■ Material for the task ■
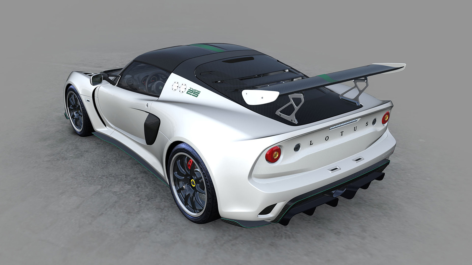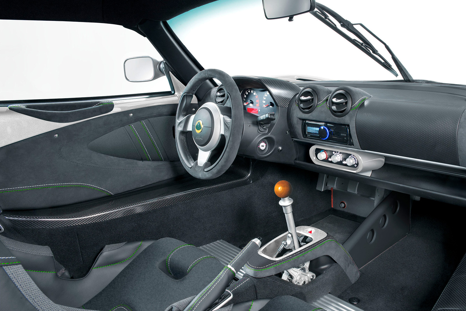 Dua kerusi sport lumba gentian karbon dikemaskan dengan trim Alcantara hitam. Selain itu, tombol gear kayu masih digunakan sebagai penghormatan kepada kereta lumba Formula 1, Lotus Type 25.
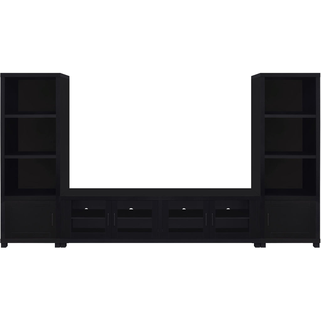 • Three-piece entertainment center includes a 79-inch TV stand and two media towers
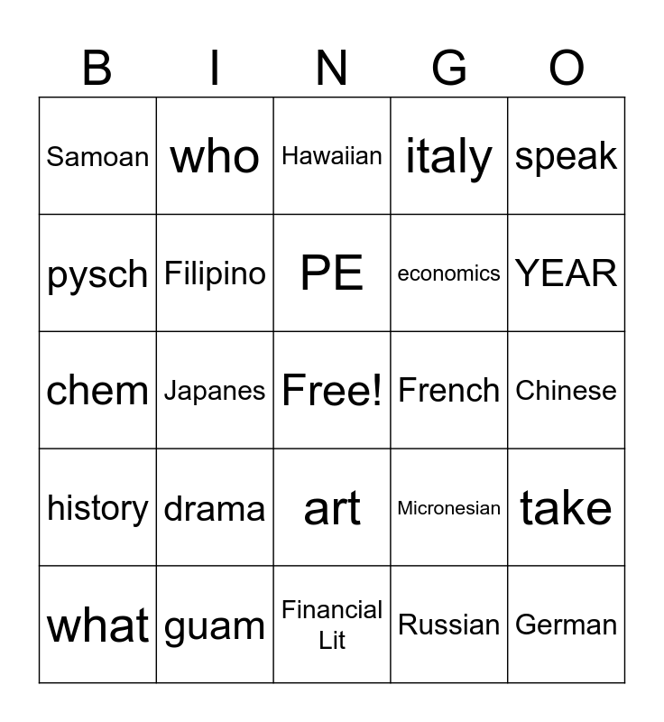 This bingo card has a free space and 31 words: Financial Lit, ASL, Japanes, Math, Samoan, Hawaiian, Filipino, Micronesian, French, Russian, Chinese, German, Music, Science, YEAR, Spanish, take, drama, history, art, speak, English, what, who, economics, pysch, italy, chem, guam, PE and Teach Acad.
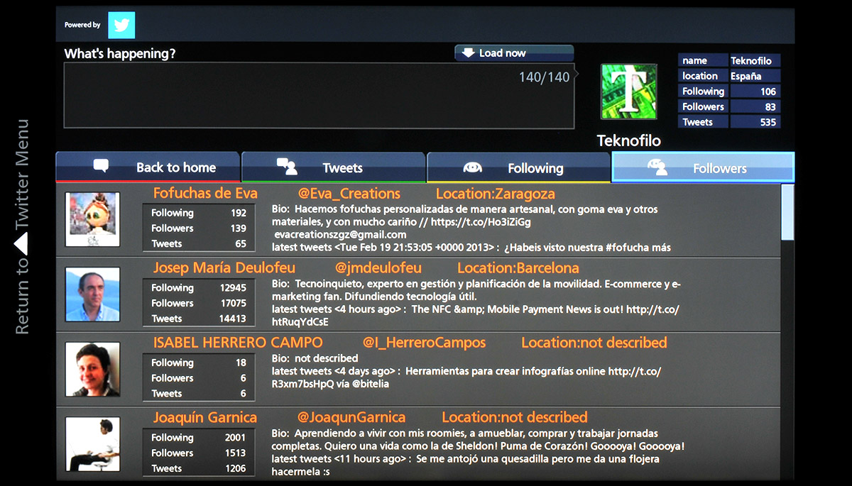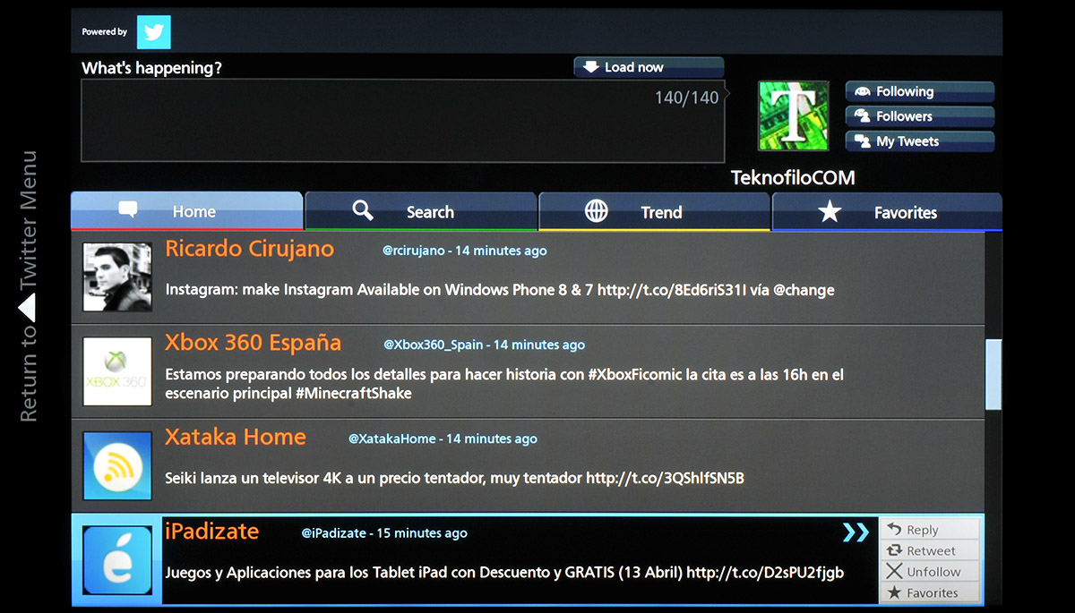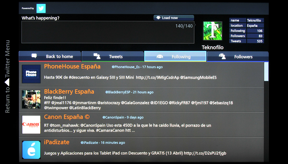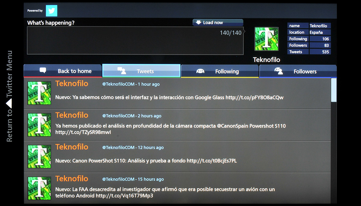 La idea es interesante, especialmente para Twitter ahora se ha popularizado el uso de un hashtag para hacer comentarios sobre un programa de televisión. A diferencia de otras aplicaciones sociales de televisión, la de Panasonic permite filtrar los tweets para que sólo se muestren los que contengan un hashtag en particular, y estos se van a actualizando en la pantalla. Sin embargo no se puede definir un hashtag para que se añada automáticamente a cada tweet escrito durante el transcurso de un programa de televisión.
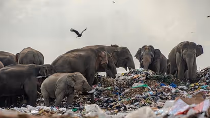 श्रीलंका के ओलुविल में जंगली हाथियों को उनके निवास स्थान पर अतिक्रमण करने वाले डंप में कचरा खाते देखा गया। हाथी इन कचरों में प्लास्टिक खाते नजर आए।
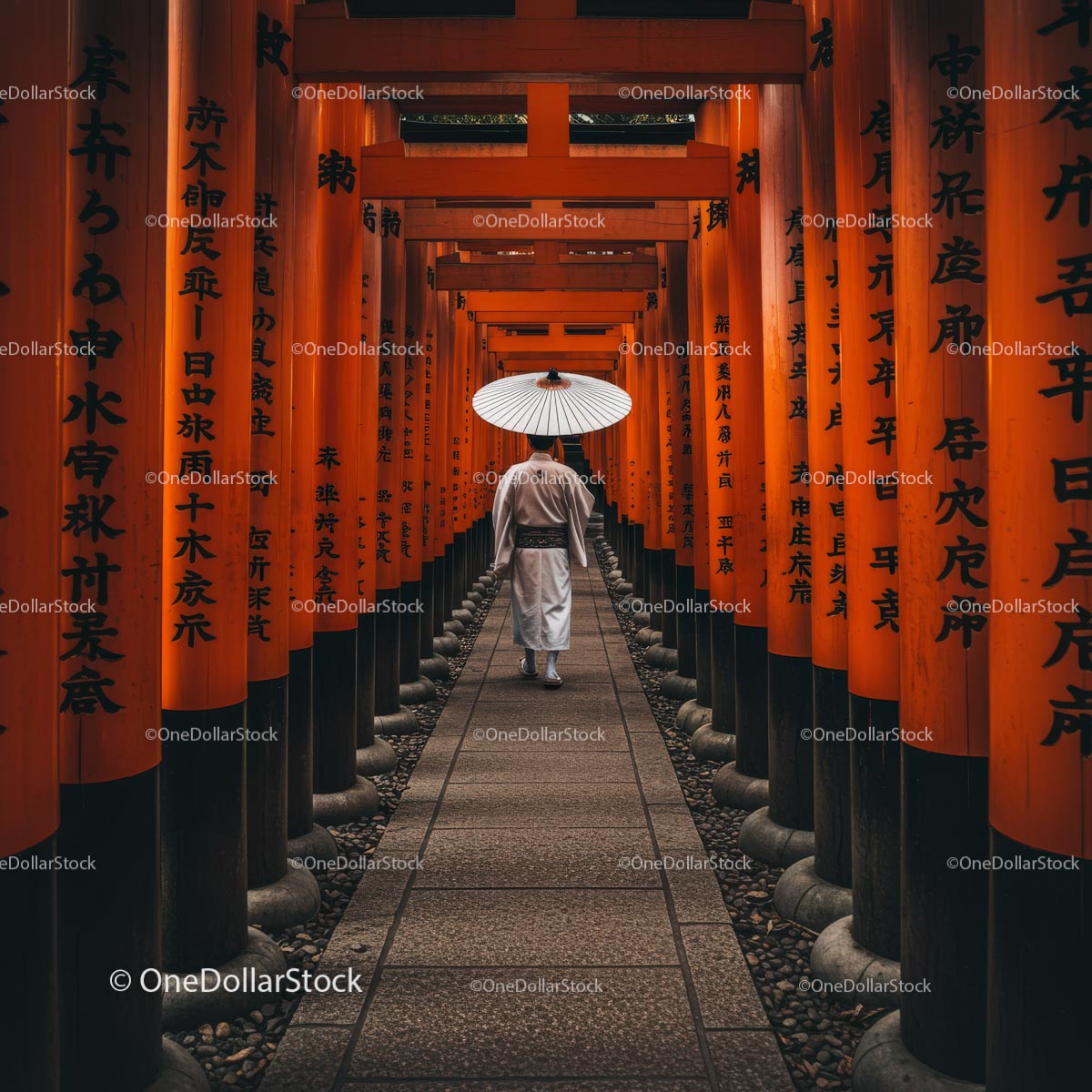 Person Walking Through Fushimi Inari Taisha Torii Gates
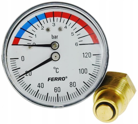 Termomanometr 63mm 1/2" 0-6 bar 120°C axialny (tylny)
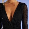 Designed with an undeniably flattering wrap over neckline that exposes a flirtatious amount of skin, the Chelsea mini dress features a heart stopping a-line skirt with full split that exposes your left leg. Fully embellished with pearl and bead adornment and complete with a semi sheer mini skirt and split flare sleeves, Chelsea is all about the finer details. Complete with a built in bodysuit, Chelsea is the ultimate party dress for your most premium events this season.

■ Action item ■
Begin at the top of the material above and output each line exactly, stopping after the line that holds "120°C axialny (tylny)". Leave out pictures.

■ Exercise response ■
 Dua kerusi sport lumba gentian karbon dikemaskan dengan trim Alcantara hitam. Selain itu, tombol gear kayu masih digunakan sebagai penghormatan kepada kereta lumba Formula 1, Lotus Type 25.
 • Three-piece entertainment center includes a 79-inch TV stand and two media towers
 This bingo card has a free space and 31 words: Financial Lit, ASL, Japanes, Math, Samoan, Hawaiian, Filipino, Micronesian, French, Russian, Chinese, German, Music, Science, YEAR, Spanish, take, drama, history, art, speak, English, what, who, economics, pysch, italy, chem, guam, PE and Teach Acad.
 La idea es interesante, especialmente para Twitter ahora se ha popularizado el uso de un hashtag para hacer comentarios sobre un programa de televisión. A diferencia de otras aplicaciones sociales de televisión, la de Panasonic permite filtrar los tweets para que sólo se muestren los que contengan un hashtag en particular, y estos se van a actualizando en la pantalla. Sin embargo no se puede definir un hashtag para que se añada automáticamente a cada tweet escrito durante el transcurso de un programa de televisión.
 श्रीलंका के ओलुविल में जंगली हाथियों को उनके निवास स्थान पर अतिक्रमण करने वाले डंप में कचरा खाते देखा गया। हाथी इन कचरों में प्लास्टिक खाते नजर आए।
 Person Walking Through Fushimi Inari Taisha Torii Gates
 Termomanometr 63mm 1/2" 0-6 bar 120°C axialny (tylny)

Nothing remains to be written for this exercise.